Travel · Tool
Travel card side-by-side comparison
Pick any two travel cards and compare them feature by feature — forex fees, ATM limits, insurance, rewards, and more.
The right travel card can save you $50–$200 or equivalent per trip simply by eliminating foreign transaction fees and ATM charges. The wrong one — a standard bank card — charges 2.75–3% on every purchase plus a flat fee per ATM withdrawal. This tool lets you compare any two cards from our database of top travel cards across the UK, US, India, Australia, and Europe, side by side on the metrics that actually matter.
The comparison covers forex fees, ATM policy, monthly cost, travel insurance, lounge access, rewards, and deposit protection status. Use it to compare Starling vs Chase, Wise vs Revolut, Charles Schwab vs Capital One, Niyo Global vs Scapia, or ING Orange vs N26 — with actual data.
Frequently asked questions
What is the best travel card by country?
UK: Starling Bank (9.4/10) — zero forex, unlimited free ATMs. US: Charles Schwab Debit (9.3/10) — zero forex, unlimited ATM rebates. India: Niyo Global (9.0/10) — zero forex, free ATMs worldwide. Australia: ING Orange Everyday (9.1/10) — zero forex, free ATMs.
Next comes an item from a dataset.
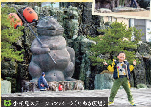
小松島ステーションパーク(たぬき広場)

小松島ステーションパーク内の広場には、『高さ5m・胴回り5m・重さ5t』の巨大なたぬきの銅像が! その大きさは世界最大級!? 市民の憩いのときをゆったりと見守っている。

EU: N26 (9.0/10) — zero forex. Wise (9.1/10) works well globally.
Wise vs Revolut: which is best for travel?
Wise charges a small 0.35% forex fee but gives transparent pricing and strong multi-currency account features. Revolut free tier charges 0% on weekdays but has monthly ATM limits and weekend markups. Both work globally — Wise is better for pure currency exchange, Revolut better as an all-in-one travel app.
Should I use a debit card or credit card abroad?
Both can work well if they have zero forex fees. Credit cards often offer purchase protection on larger transactions. However, using a credit card for ATM withdrawals usually triggers a cash advance fee and immediate interest — avoid this. For daily spending, a zero-fee debit card is simpler; for large hotel or flight bookings, a zero-fee credit card adds protection.
Are Wise and Revolut deposit-protected?
Wise and Revolut are e-money institutions, not banks, so they are not covered by bank deposit guarantee schemes (FSCS in the UK, FDIC in the US, etc.). Your money is held in safeguarded accounts, separate from company funds, but without the same level of protection as a licensed bank.